Asked by Brette

A block of mass 3m is placed on a frictionless
horizontal surface, and a second block of mass m is placed on top of the first
block. The surfaces of the blocks are rough. A constant force of magnitude F
is applied to the first block as shown in the figure.
(a) Construct free-body diagrams for each block.
(b) Identify the horizontal force that causes the block of mass m to accelerate.
(c) Assume that the upper block does not slip on the lower block, and find
the acceleration of each block in terms of m and F.
Answered by bobpursley
the force that causes the upper block to move is friction.

total acceleration:
F=(m+3m)a solve for a. That is the acceleration of both blocks.
Answered by Naseeba
33m.s
Answered by EVE
b) Kinetic Friction
c) Block 3m: F/3m=a
Block m: F/m=a
Answered by Jem
The man pushes with a force of 200 N. The child and sled combo has a mass of 30 kg and the coefficient of static friction is 0.15. Find the friction force
Answered by Jem
Given the figure shown below, block A has a mass of 10kg and block B has a mass of 25kg. Assume the coefficient of friction between the blocks is four times the coefficient of friction between the block and the plane.

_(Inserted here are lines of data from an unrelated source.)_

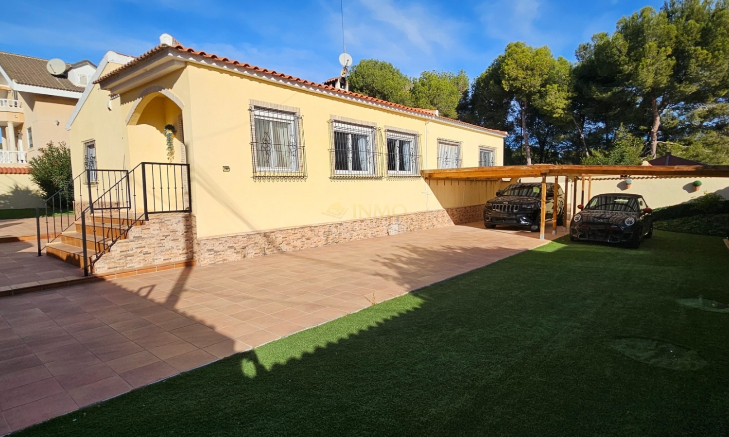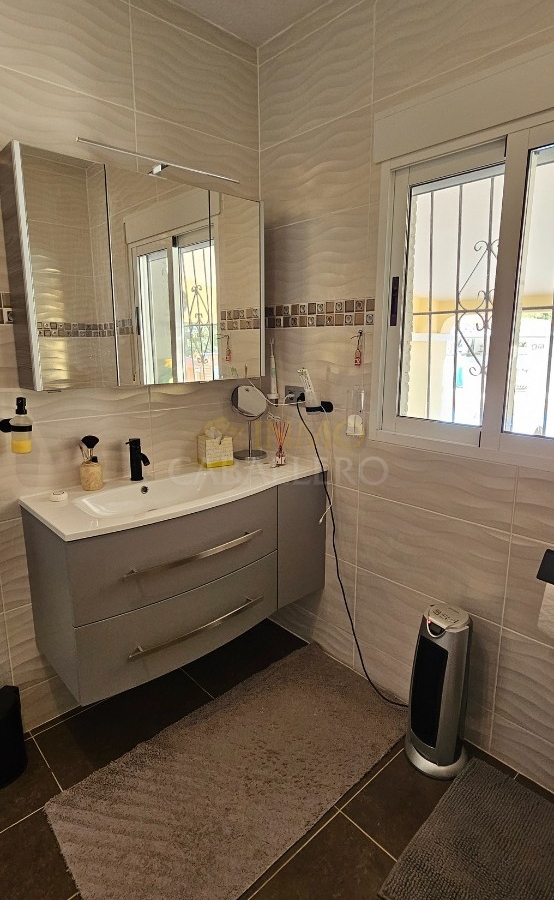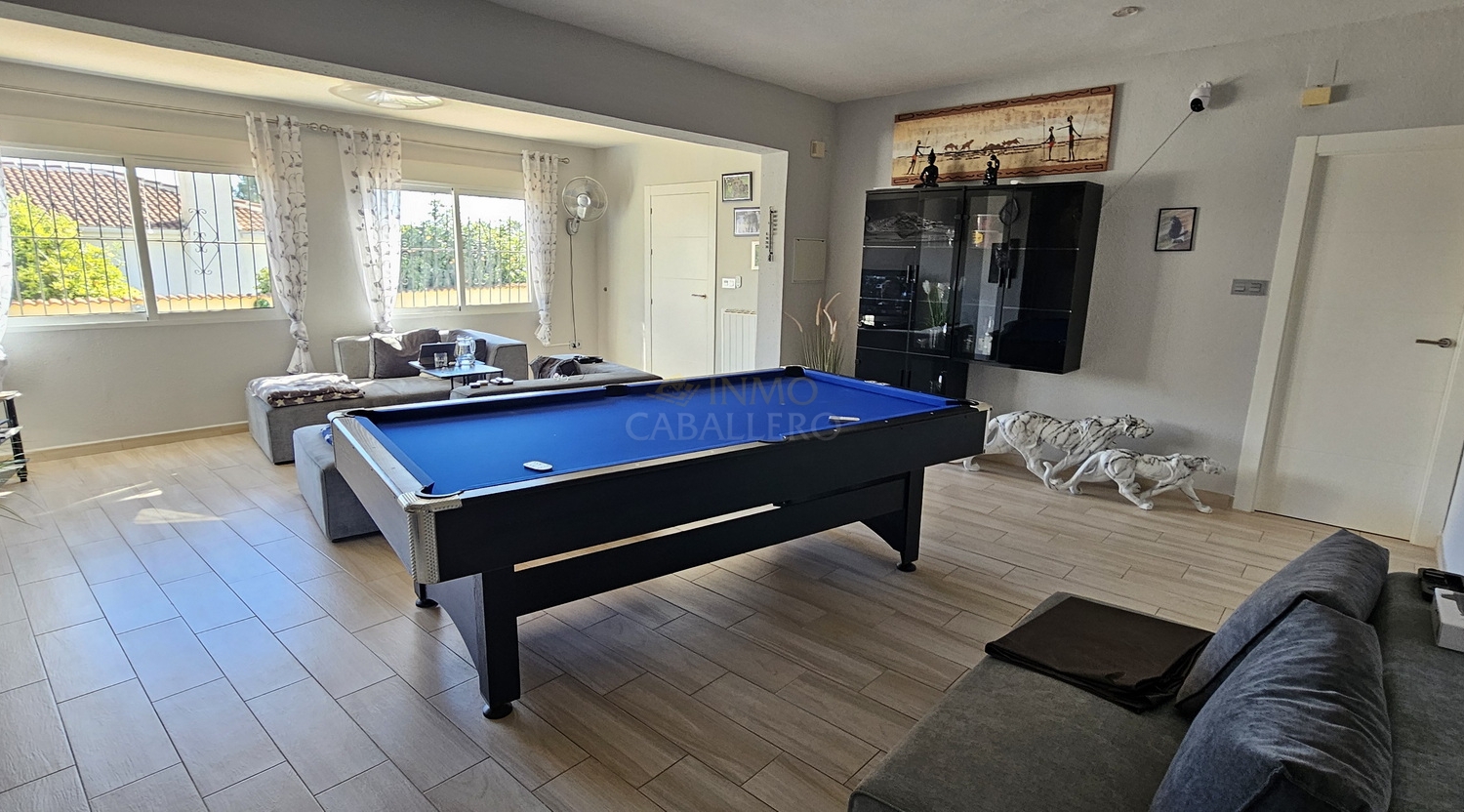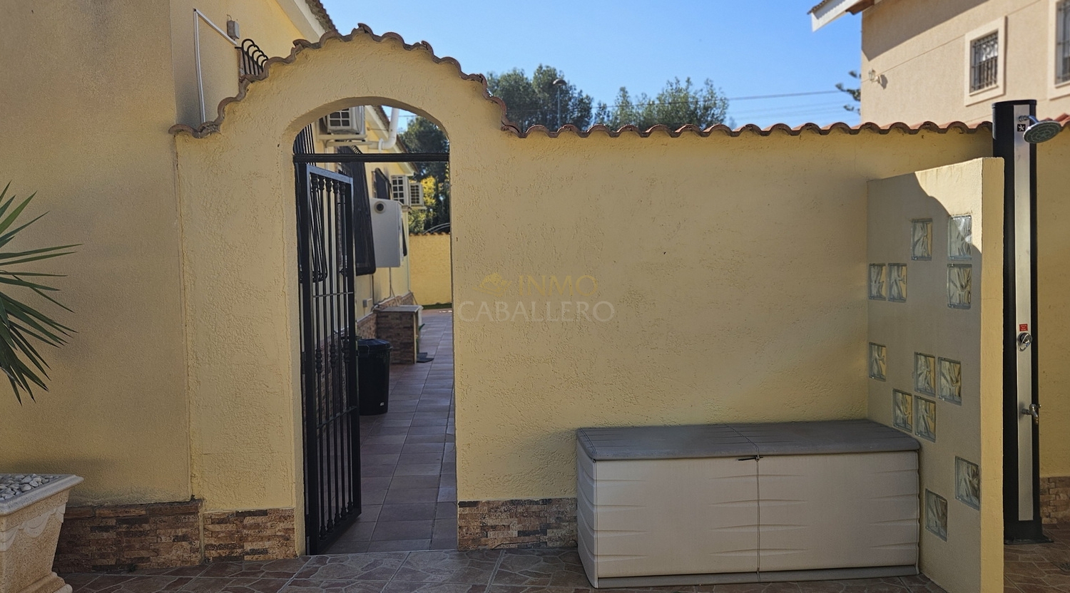 Single-storey villa with 175 m² of built area, set on a completely flat 864 m² plot. The property features a spacious and bright living room, dining area, fully equipped kitchen, four bedrooms and three bathrooms, two of them en suite.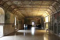 Hinzu kommt der aus dem 16. Jahrhundert stammende prunkvolle Rittersaal des Schlosses, der 1536 von Christoph Graf von Schernberg in Auftrag gegeben wurde. Die Decke des Saales besteht aus 107 zumeist quadratischen Feldern, die 137 Wappen enthalten. Die Wappen des Plafonds sind nach der Quaternionentheorie gestaltet, durch welche die ständische Hierarchie des Erzbistums Salzburg veranschaulicht wird. In den Hohlkehlen sind neben den acht Salzburger Suffraganbistümern (Regensburg, Freising, Passau, Brixen, seit 798 dem Salzburger Erzbischof als Metropolit unterstellt, Bistum Gurk seit 1072 von Erzbischof Gebhard gegründet, und die Eigenbistümer Bistum Chiemsee (1216), Bistum Seckau (1218) und Bistum Lavant (1218)) und den zwei infulierten Klöster St. Peter und Admont die 24 Mitglieder des Salzburger Domkapitels sowie 38 Angehörige des Salzburger landständischen Adels dargestellt. Der Wappenschild in der Mitte enthält ein Allianzwappen derer von Schernberg (aus einer goldenen Krone ein wachsendes silbernes Drachenhaupt mit Hals) und von Goldegg (in Rot eine goldene, aufsteigende Spitze).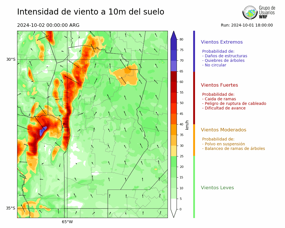 • Intensidad máxima: 18.21 km/h (02/10/2024 00hs.)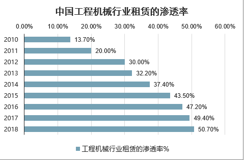 中国工程机械行业租赁的渗透率

Determine the normal force between block A and B.
Answered by Bot
The friction force will be equal to the force exerted by the man only when the sled and child start moving, which means we are dealing with static friction. The maximum static friction force is given by:

f_s = μ_s * N

where μ_s is the coefficient of static friction and N is the normal force between the sled and the ground. The normal force is equal to the weight of the sled and child:

N = m*g = 30 kg * 9.81 m/s^2 = 294.3 N

where g is the acceleration due to gravity.

Substituting the given coefficient of friction, we get:

f_s = 0.15 * 294.3 N ≈ 44.15 N

Therefore, the friction force between the sled and the ground is approximately 44.15 N.